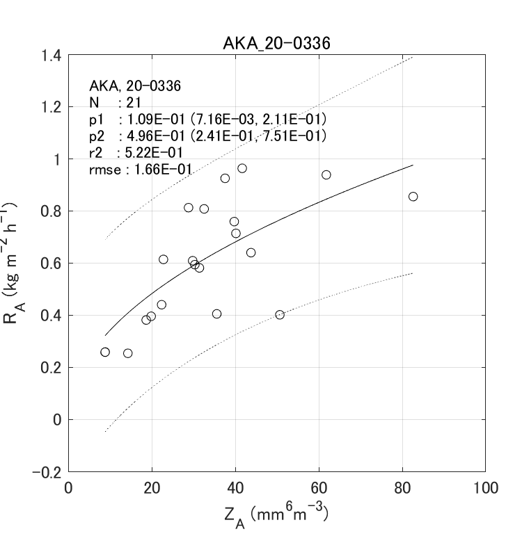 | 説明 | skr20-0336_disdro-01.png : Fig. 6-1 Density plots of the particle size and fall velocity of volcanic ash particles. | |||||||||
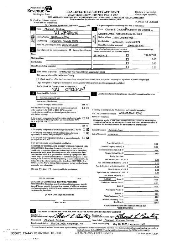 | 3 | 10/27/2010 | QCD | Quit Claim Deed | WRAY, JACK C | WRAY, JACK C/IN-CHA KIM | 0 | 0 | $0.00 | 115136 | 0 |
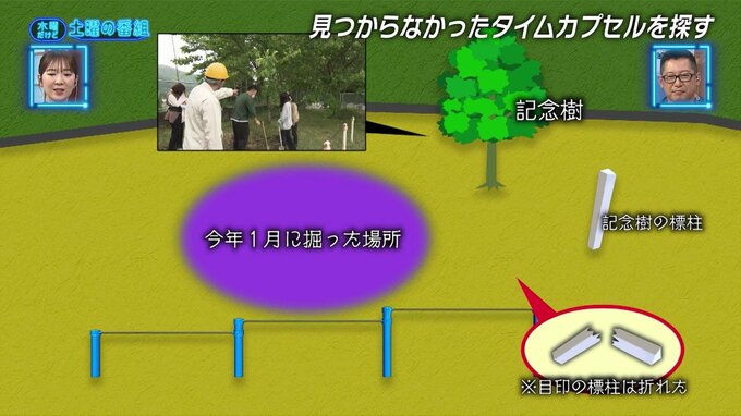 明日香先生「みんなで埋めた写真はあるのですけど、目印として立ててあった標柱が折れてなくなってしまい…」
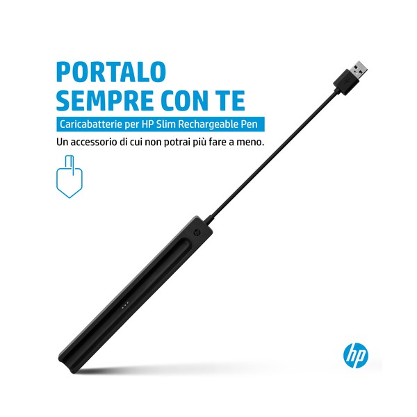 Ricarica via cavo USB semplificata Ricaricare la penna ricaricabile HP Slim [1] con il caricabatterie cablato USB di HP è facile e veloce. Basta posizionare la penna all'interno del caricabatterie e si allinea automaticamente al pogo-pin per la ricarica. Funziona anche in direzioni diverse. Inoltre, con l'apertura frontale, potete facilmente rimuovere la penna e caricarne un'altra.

--

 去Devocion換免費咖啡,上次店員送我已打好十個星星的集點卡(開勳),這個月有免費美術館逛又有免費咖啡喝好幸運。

### WHAT YOU ARE ASKED TO DO
The line holding "particles. | |||||||||" starts the copy and the line holding "115136 | 0 |" ends it. Repeat those two lines above and all between them exactly, leaving out pictures.

### SOLUTION
 | 説明 | skr20-0336_disdro-01.png : Fig. 6-1 Density plots of the particle size and fall velocity of volcanic ash particles. | |||||||||
 | 3 | 10/27/2010 | QCD | Quit Claim Deed | WRAY, JACK C | WRAY, JACK C/IN-CHA KIM | 0 | 0 | $0.00 | 115136 | 0 |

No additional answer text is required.